There has been persistent discontent among the Hindus with their marginalization. Many Christianized groups portray Hindus as “clannish, backward and miserly” (Just like Jews were characterized as such in Europe by Christians once). During the General Elections of 1986, the absence of the Bhagavad Gita and the Quran at polling stations for required oath-taking was interpreted as a gross insult to Hindus and Muslims. The absence of any Hindu religious texts at the official residence of the President of Trinidad and Tobago during the swearing in of the new Government in 1986 was perceived as another insult to the minority communities since they were represented in the government. The exclusivist Christian symbolism operative in the country’s top national award, the Trinity Cross, has persistently stung Hindu religious sensibility. This was to climax in 1995 with the refusal of the Hindu Dharmaacharya to accept the award, while issuing a statement that his action should be seen as an opportunity for those in authority to create a national award that recognizes the plurality of religious beliefs in this country. The national education system and curriculum have been repeatedly accused of such majority-oriented symbolism. The use of discernibly Christian-oriented prayers at Government schools, the non-representation of Hinduism in approved school textbooks, and the lack of emphasis on Hindu religious observace evoked deep resentment from the Hindu community. Intensified protests over the course of the 1980s led to an improvement in the state’s attitudes towards Hindus.The divergence of some of the fundamental aspects of local Hindu culture, the segregation of the Hindu community from Trinidad, and the disinclination to risk erasing the more fundamental aspects of what had been constructed as “Trinidad Hinduism” in which the identity of the group had been rooted, would often generate dissension when certain dimensions of Hindu culture came into contact with the State. While the incongruences continue to generate debate, and often conflict, it is now tempered with growing awareness and consideration on the part of the state to the Hindu minority. Hindus have been also been subjected to persistent proselytization by Christian missionaries.

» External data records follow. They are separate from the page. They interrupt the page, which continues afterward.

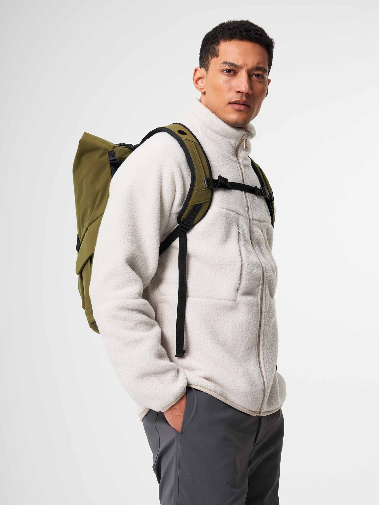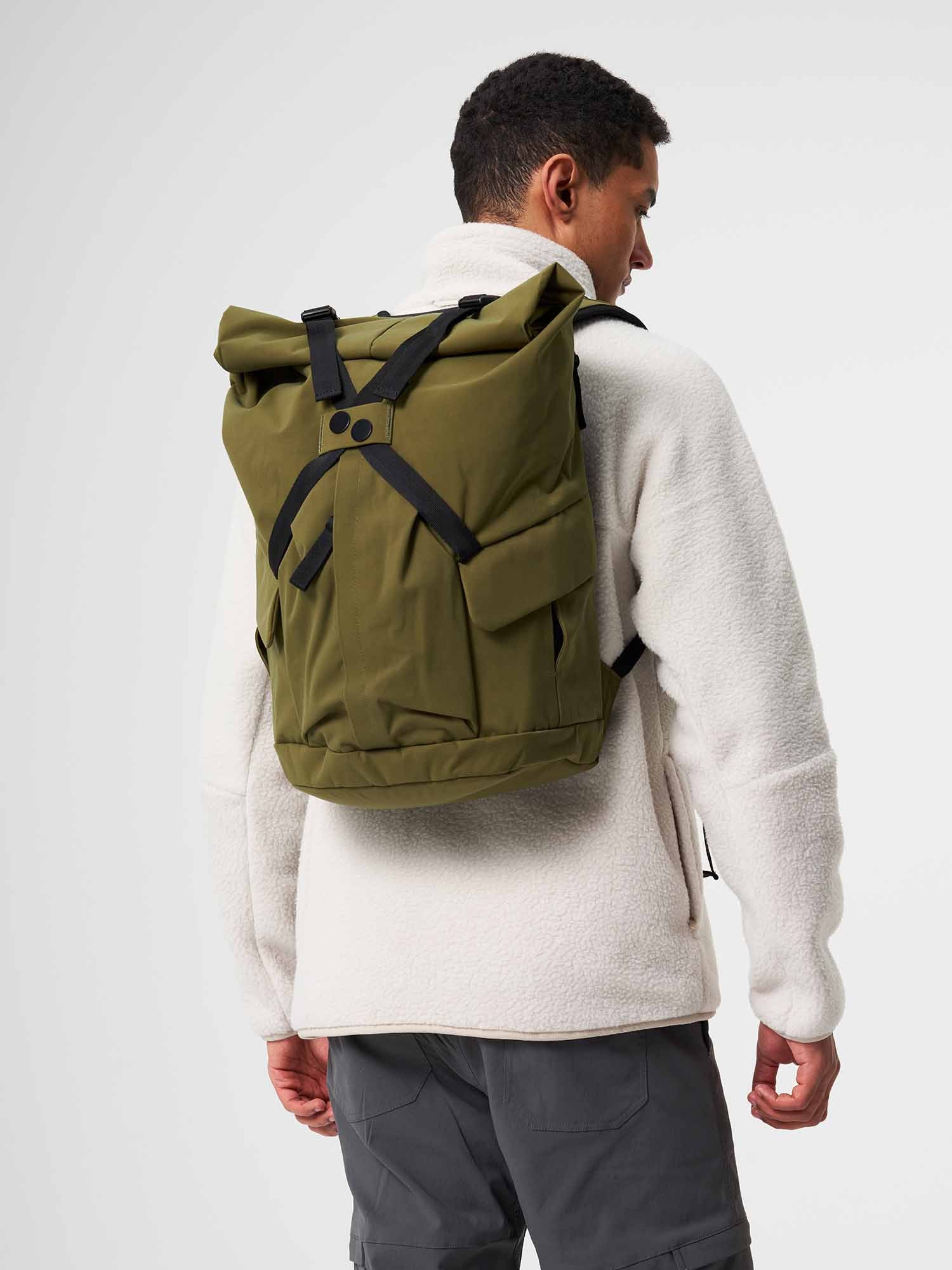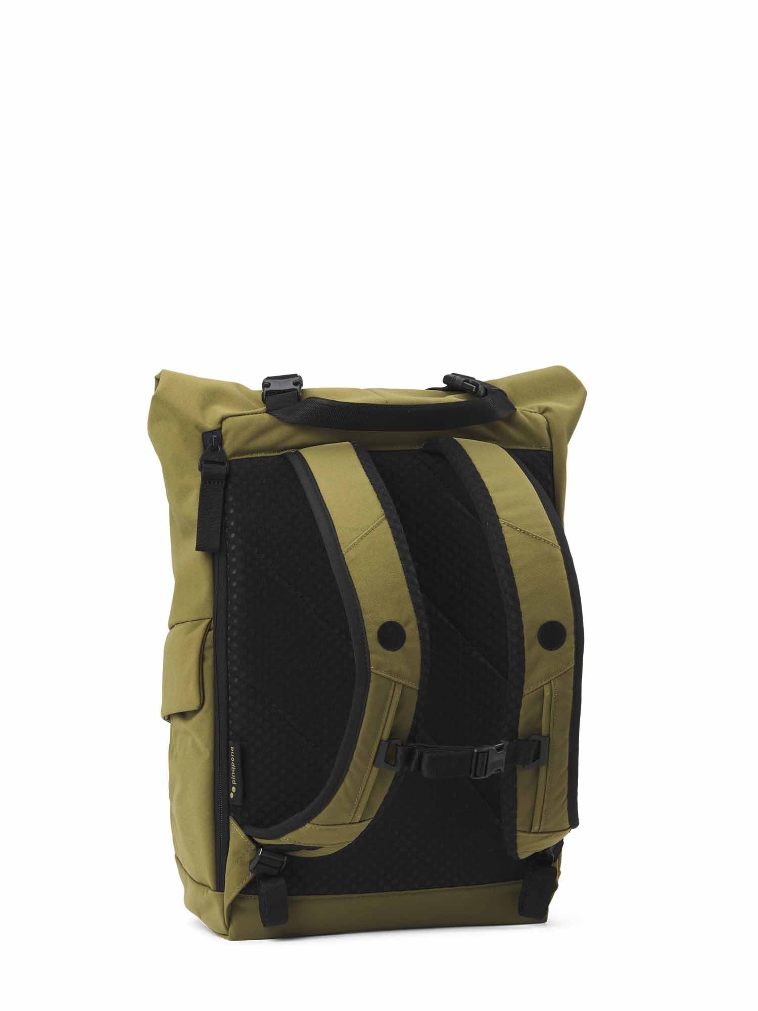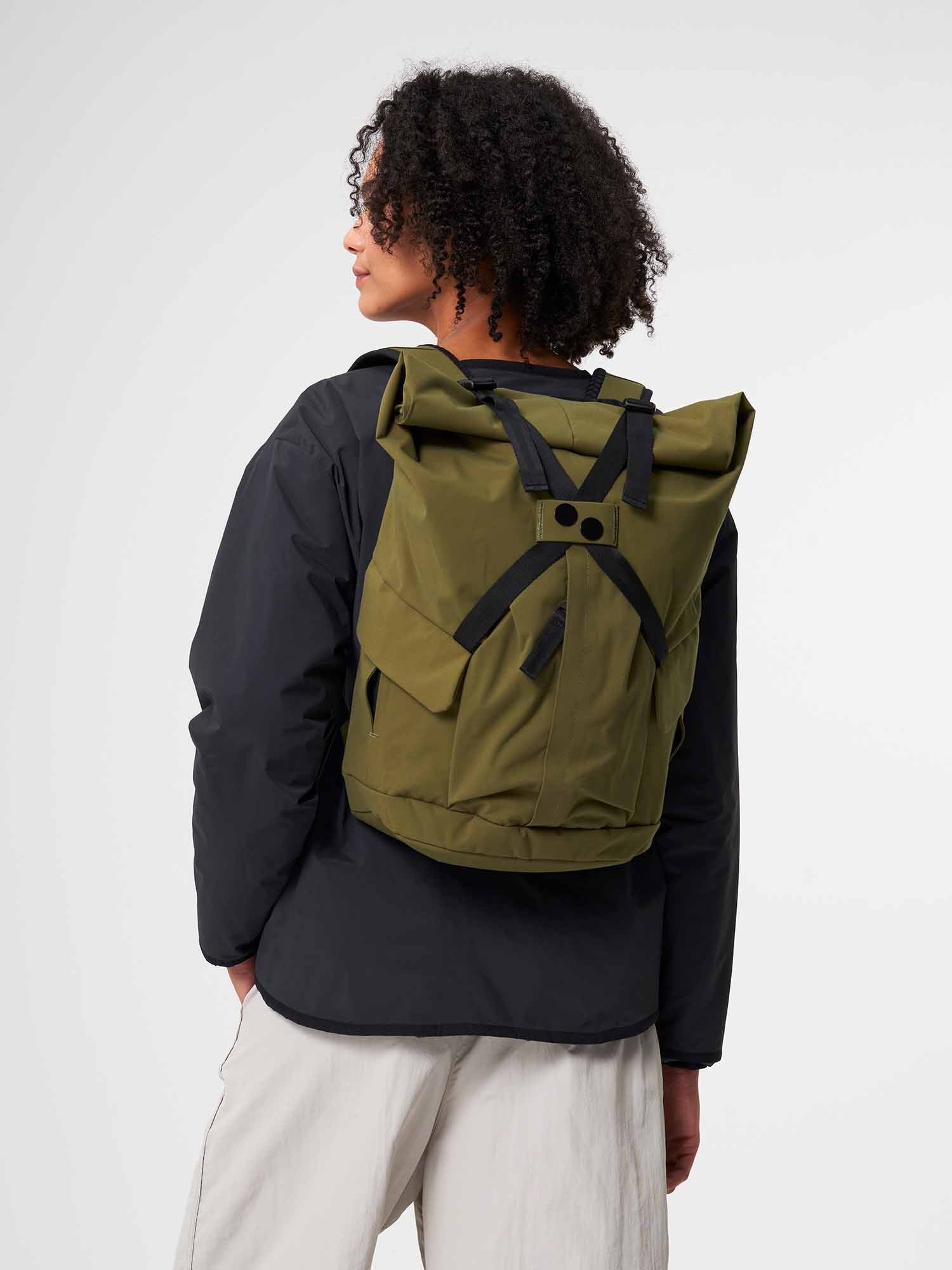 Kross von pinqponq wurde aus 100% recyceltem PET (100% Polyester recycelt) hergestellt. Der Rucksack hat ein Volumen von 20 Litern und ist auf 25 Liter erweiterbar. Er hat ein gepolstertes 15,6“ Laptopfach, 3 Außentaschen und ein gepolstertes aktmungsaktives Meshrückenteil.
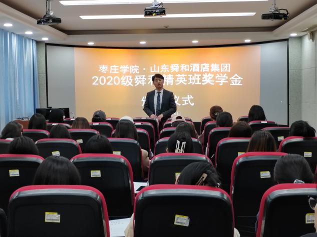 5月9日上午,2020级舜和精英班奖学金颁发仪式在综合楼1608教室举行。山东舜和酒店集团人才培训部经理刘康,yl23455永利集团党总支副书记韩建敏,旅游管理专业部分教师参加了颁发仪式。颁发仪式由酒店管理专业负责人王唯副教授主持。
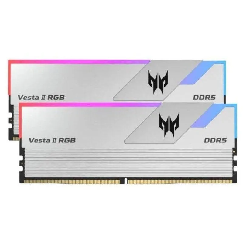 Memoria RAM Acer Predator Vesta II RGB DDR5 de 32 GB (2x16 GB) con 6000 MHz y ECC ofrece rendimiento avanzado, soporte XMP 3.0 Plata

Christian missionaries operate a network of hate sites and hate groups all over the world that spread misinformation and falsehoods against Hindus and incite others to attack and murder them.
Historian Alfredo de Mello aptly describes the performers of Goan inquisition as, nefarious, fiendish, lustful, corrupt religious orders which pounced on Goa for the purpose of destroying paganism (ie Hinduism) and introducing the true religion of Christ.